Disclaimer: I received a free electronic copy of this novel in exchange for an honest review.
The Winter Garden (The Ingenious Mechanical Devices Book 2) by Kara Jorgensen is the sequel to The Earl of Brass. While it is not necessary to have read The Earl of Brass to understand and enjoy The Winter Garden, I highly recommend it. Not only is it an exciting and intriguing read (see my review for more), having read The Earl of Brass gave me a better understanding of the world of The Winter Garden as well as gave me a creative respect for the way Jorgensen interwove the lives and stories of the characters from both novels.
The Winter Garden begins with young scholar Immanuel Winter saving Emmeline Jardine from drowning.
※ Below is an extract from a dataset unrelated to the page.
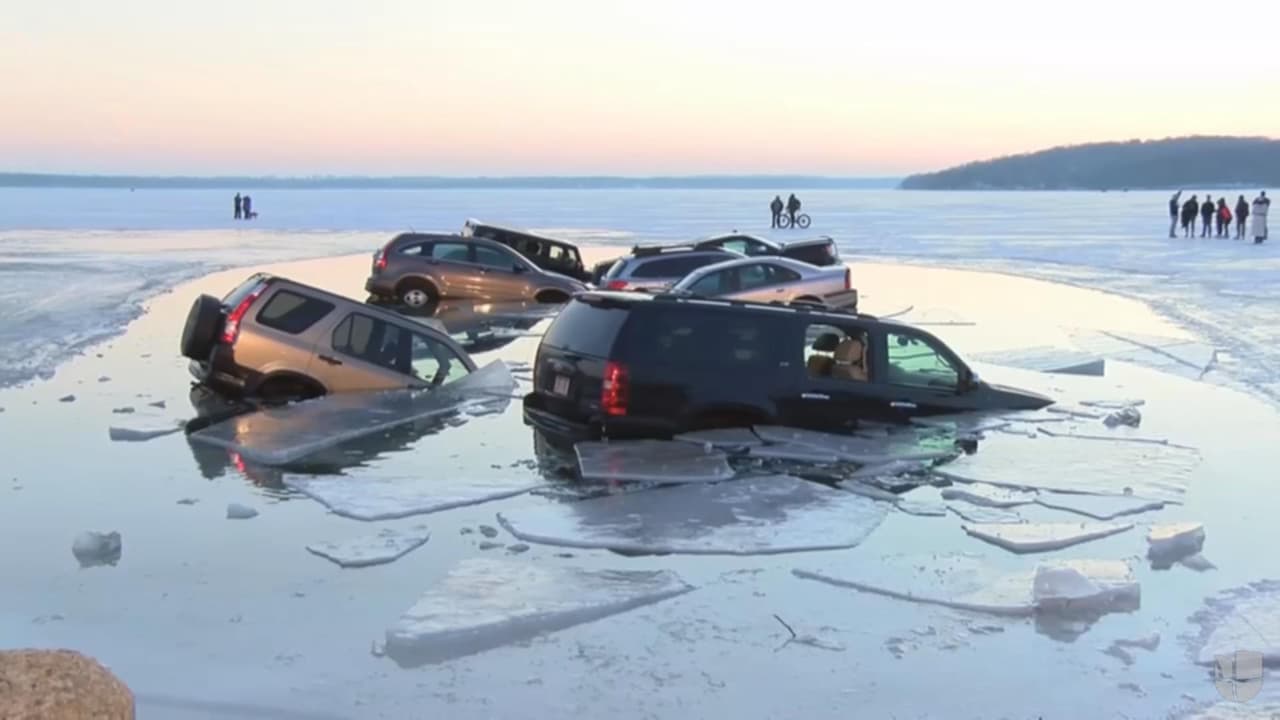 El Lago de Geneva en Wisconsin cedió ante el peso de unos 15 autos que fueron estacionados sobre el hielo.

In order to save Emmeline’s life, Immanuel must use a mysterious family heirloom, and after he does so, he and Emmeline are inexplicably bound together. Eventually, Immanuel and Emmeline are taken captive and must work together to escape and later discover the identity of their captor and how to permanently free themselves from the threat of his clutches.
Once again, Jorgensen has crafted complex and realistic characters. Immanuel and Emmeline could not be more different: he is a thoughtful, compassionate scholar and she is a self-interested, spoiled socialite. However, both characters are sympathetic and both learn to overcome their weaknesses and evolve into the people they are meant to be. Likewise, the supporting characters are well-rounded and have excellent chemistry with the protagonists and each other.
My favorite aspect of The Winter Garden is that Jorgensen expanded into new facets of the steampunk genre. In The Earl of Brass, Jorgensen featured steampunk technology, biomechanical limbs, and even explored a fantastical utopian society. In The Winter Garden, Jorgensen explores the “darker” side of steampunk, introducing readers to deadly mechanical devices, a spiritualist society, and a touch of what the “real world” would deem magic. These new subjects ramp up the styling and tone of the novel and set it apart from The Earl of Brass, while still keeping it true to the world Jorgensen created.
While some of the steampunk elements of the story are new, Jorgensen revisited similar themes from The Earl of Brass (albeit in different ways). Once again, the reader is introduced to a loving, respectful homosexual relationship, this time between two of the main characters. Likewise, Jorgensen revisits feminist themes, providing strong, female characters and reminding the reader that one can be a strong, capable woman and still have traditionally feminine values (ie: appreciation for fashion and desire to be a wife and mother). Additionally, Jorgensen grapples with questions of responsibility and power and how they should be executed in ethical ways.
The Winter Garden is an engaging, theme-driven novel full of vivacious characters and fantastical steampunk elements. If you are looking for a novel that is clever, thought-provoking, and just plain beautiful in the imagination, look no further.